## INSTRUCTIONS FOR THE TASK
For this task, copy all of the data below exactly and skip the pictures.

## RECORDS TO PROCESS
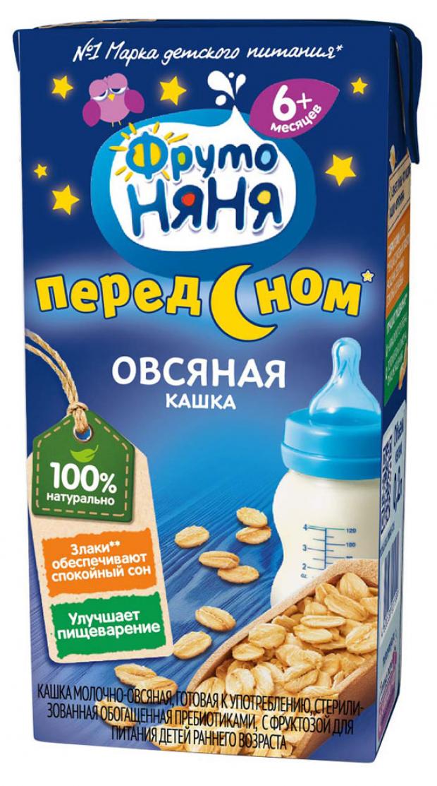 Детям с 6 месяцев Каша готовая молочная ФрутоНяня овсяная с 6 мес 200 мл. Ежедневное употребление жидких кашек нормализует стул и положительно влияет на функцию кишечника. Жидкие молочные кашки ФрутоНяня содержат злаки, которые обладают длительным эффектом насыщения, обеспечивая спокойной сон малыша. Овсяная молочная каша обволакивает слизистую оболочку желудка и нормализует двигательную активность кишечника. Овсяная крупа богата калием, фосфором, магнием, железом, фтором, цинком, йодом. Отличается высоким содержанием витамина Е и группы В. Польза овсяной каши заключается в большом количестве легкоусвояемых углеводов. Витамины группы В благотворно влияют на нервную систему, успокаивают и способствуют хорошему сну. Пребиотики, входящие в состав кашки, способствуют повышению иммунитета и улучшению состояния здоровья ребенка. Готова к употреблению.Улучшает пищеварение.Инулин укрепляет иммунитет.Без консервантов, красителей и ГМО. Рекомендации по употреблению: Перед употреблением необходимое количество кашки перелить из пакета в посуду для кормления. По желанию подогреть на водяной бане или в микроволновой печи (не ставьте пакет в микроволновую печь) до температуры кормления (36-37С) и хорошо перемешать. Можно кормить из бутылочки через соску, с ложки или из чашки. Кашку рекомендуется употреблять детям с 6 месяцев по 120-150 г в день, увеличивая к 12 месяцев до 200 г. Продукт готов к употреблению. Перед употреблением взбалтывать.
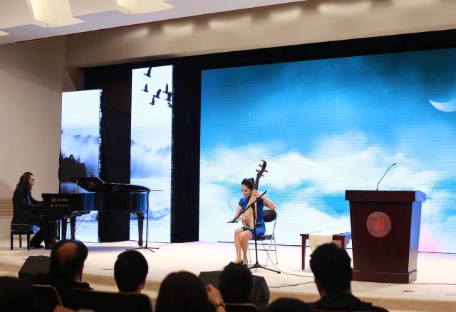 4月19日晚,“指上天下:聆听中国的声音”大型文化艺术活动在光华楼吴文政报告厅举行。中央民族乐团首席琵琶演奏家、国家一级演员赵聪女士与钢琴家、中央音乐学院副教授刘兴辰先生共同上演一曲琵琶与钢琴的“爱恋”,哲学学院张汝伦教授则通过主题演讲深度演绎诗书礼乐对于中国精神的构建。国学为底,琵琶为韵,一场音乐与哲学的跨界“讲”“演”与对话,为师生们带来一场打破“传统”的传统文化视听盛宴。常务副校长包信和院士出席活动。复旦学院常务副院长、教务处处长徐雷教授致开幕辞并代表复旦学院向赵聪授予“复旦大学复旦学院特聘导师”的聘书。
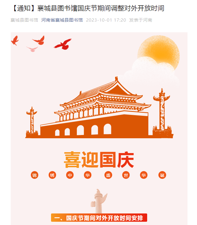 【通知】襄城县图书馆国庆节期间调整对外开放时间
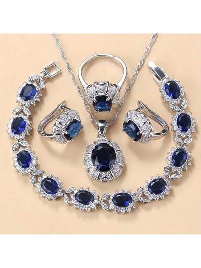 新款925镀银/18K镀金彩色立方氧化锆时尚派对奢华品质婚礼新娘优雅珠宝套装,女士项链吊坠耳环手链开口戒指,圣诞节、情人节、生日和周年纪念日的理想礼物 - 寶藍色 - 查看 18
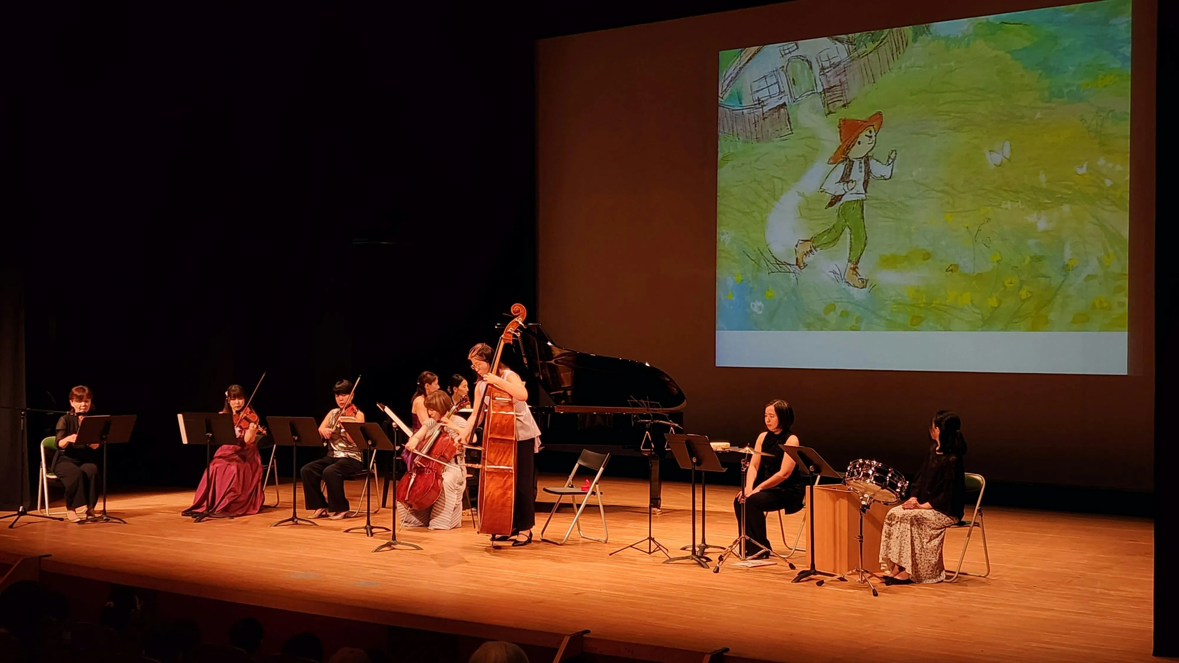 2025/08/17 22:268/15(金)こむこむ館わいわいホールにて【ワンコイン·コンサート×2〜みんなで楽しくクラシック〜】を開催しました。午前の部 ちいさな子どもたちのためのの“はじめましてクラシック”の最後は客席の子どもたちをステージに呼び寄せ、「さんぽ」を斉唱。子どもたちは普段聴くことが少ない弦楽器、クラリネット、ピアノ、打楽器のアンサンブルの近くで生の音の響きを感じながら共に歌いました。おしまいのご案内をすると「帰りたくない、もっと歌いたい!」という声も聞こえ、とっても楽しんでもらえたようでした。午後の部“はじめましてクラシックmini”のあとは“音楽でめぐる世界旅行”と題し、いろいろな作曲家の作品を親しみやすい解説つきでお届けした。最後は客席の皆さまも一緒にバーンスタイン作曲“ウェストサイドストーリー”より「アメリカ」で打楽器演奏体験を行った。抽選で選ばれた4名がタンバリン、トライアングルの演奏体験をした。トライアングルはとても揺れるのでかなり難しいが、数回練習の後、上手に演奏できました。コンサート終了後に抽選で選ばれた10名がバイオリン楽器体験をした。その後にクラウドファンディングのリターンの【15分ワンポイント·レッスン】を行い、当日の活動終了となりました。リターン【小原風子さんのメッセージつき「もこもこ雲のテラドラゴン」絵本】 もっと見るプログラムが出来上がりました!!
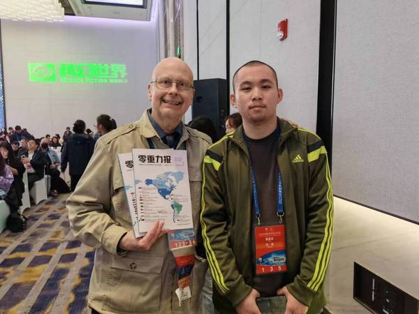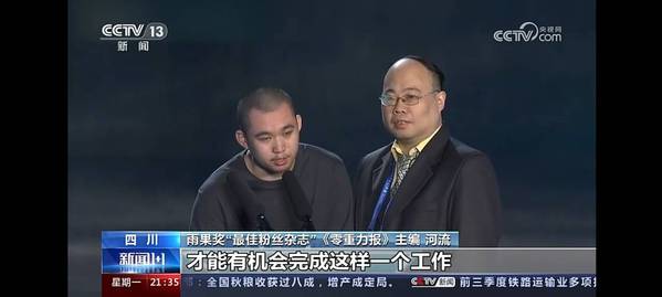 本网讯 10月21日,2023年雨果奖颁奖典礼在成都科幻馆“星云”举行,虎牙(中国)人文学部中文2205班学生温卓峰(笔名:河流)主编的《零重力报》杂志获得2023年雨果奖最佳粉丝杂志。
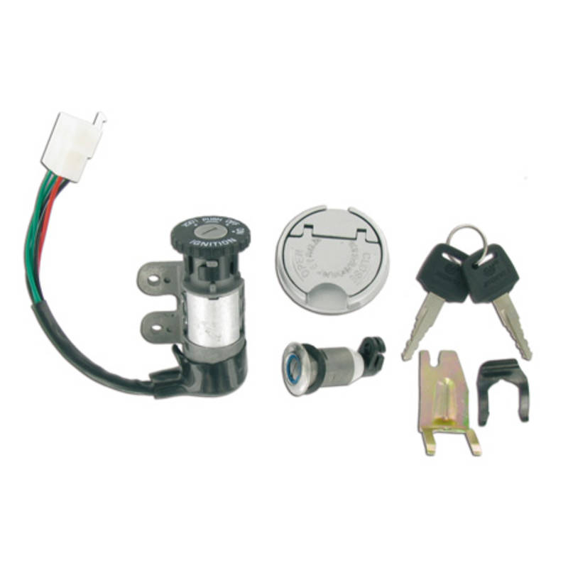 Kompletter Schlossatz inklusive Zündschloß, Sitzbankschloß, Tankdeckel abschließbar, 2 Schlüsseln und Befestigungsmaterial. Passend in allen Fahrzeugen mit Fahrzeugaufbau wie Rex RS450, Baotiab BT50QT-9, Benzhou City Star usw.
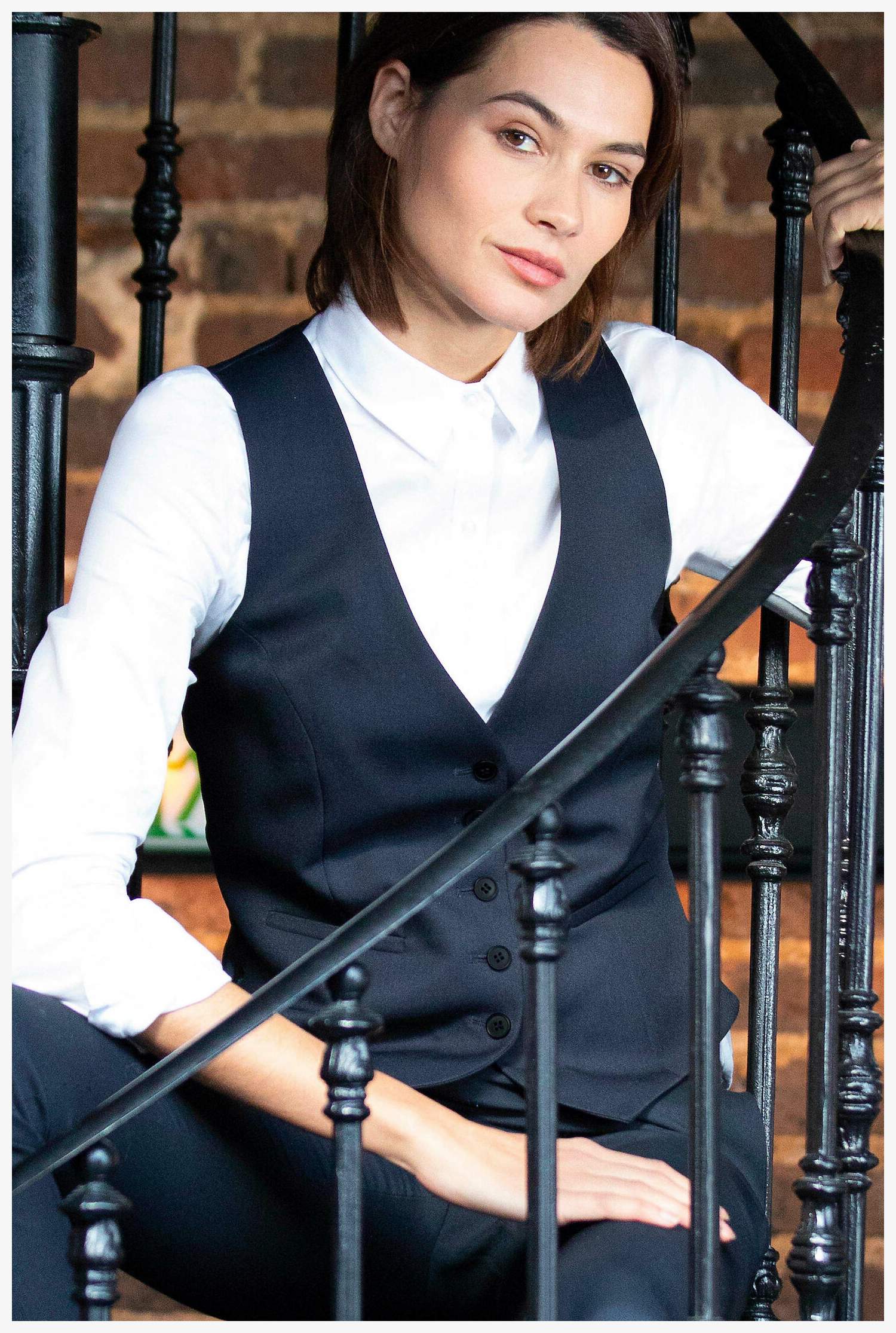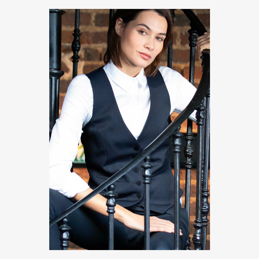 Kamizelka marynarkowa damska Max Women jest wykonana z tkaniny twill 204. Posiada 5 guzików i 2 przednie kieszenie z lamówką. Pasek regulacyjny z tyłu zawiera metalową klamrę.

## EXPECTED ANSWER
 Детям с 6 месяцев Каша готовая молочная ФрутоНяня овсяная с 6 мес 200 мл. Ежедневное употребление жидких кашек нормализует стул и положительно влияет на функцию кишечника. Жидкие молочные кашки ФрутоНяня содержат злаки, которые обладают длительным эффектом насыщения, обеспечивая спокойной сон малыша. Овсяная молочная каша обволакивает слизистую оболочку желудка и нормализует двигательную активность кишечника. Овсяная крупа богата калием, фосфором, магнием, железом, фтором, цинком, йодом. Отличается высоким содержанием витамина Е и группы В. Польза овсяной каши заключается в большом количестве легкоусвояемых углеводов. Витамины группы В благотворно влияют на нервную систему, успокаивают и способствуют хорошему сну. Пребиотики, входящие в состав кашки, способствуют повышению иммунитета и улучшению состояния здоровья ребенка. Готова к употреблению.Улучшает пищеварение.Инулин укрепляет иммунитет.Без консервантов, красителей и ГМО. Рекомендации по употреблению: Перед употреблением необходимое количество кашки перелить из пакета в посуду для кормления. По желанию подогреть на водяной бане или в микроволновой печи (не ставьте пакет в микроволновую печь) до температуры кормления (36-37С) и хорошо перемешать. Можно кормить из бутылочки через соску, с ложки или из чашки. Кашку рекомендуется употреблять детям с 6 месяцев по 120-150 г в день, увеличивая к 12 месяцев до 200 г. Продукт готов к употреблению. Перед употреблением взбалтывать.
 4月19日晚,“指上天下:聆听中国的声音”大型文化艺术活动在光华楼吴文政报告厅举行。中央民族乐团首席琵琶演奏家、国家一级演员赵聪女士与钢琴家、中央音乐学院副教授刘兴辰先生共同上演一曲琵琶与钢琴的“爱恋”,哲学学院张汝伦教授则通过主题演讲深度演绎诗书礼乐对于中国精神的构建。国学为底,琵琶为韵,一场音乐与哲学的跨界“讲”“演”与对话,为师生们带来一场打破“传统”的传统文化视听盛宴。常务副校长包信和院士出席活动。复旦学院常务副院长、教务处处长徐雷教授致开幕辞并代表复旦学院向赵聪授予“复旦大学复旦学院特聘导师”的聘书。
 【通知】襄城县图书馆国庆节期间调整对外开放时间
 新款925镀银/18K镀金彩色立方氧化锆时尚派对奢华品质婚礼新娘优雅珠宝套装,女士项链吊坠耳环手链开口戒指,圣诞节、情人节、生日和周年纪念日的理想礼物 - 寶藍色 - 查看 18
 2025/08/17 22:268/15(金)こむこむ館わいわいホールにて【ワンコイン·コンサート×2〜みんなで楽しくクラシック〜】を開催しました。午前の部 ちいさな子どもたちのためのの“はじめましてクラシック”の最後は客席の子どもたちをステージに呼び寄せ、「さんぽ」を斉唱。子どもたちは普段聴くことが少ない弦楽器、クラリネット、ピアノ、打楽器のアンサンブルの近くで生の音の響きを感じながら共に歌いました。おしまいのご案内をすると「帰りたくない、もっと歌いたい!」という声も聞こえ、とっても楽しんでもらえたようでした。午後の部“はじめましてクラシックmini”のあとは“音楽でめぐる世界旅行”と題し、いろいろな作曲家の作品を親しみやすい解説つきでお届けした。最後は客席の皆さまも一緒にバーンスタイン作曲“ウェストサイドストーリー”より「アメリカ」で打楽器演奏体験を行った。抽選で選ばれた4名がタンバリン、トライアングルの演奏体験をした。トライアングルはとても揺れるのでかなり難しいが、数回練習の後、上手に演奏できました。コンサート終了後に抽選で選ばれた10名がバイオリン楽器体験をした。その後にクラウドファンディングのリターンの【15分ワンポイント·レッスン】を行い、当日の活動終了となりました。リターン【小原風子さんのメッセージつき「もこもこ雲のテラドラゴン」絵本】 もっと見るプログラムが出来上がりました!!
 本网讯 10月21日,2023年雨果奖颁奖典礼在成都科幻馆“星云”举行,虎牙(中国)人文学部中文2205班学生温卓峰(笔名:河流)主编的《零重力报》杂志获得2023年雨果奖最佳粉丝杂志。
 Kompletter Schlossatz inklusive Zündschloß, Sitzbankschloß, Tankdeckel abschließbar, 2 Schlüsseln und Befestigungsmaterial. Passend in allen Fahrzeugen mit Fahrzeugaufbau wie Rex RS450, Baotiab BT50QT-9, Benzhou City Star usw.
 Kamizelka marynarkowa damska Max Women jest wykonana z tkaniny twill 204. Posiada 5 guzików i 2 przednie kieszenie z lamówką. Pasek regulacyjny z tyłu zawiera metalową klamrę.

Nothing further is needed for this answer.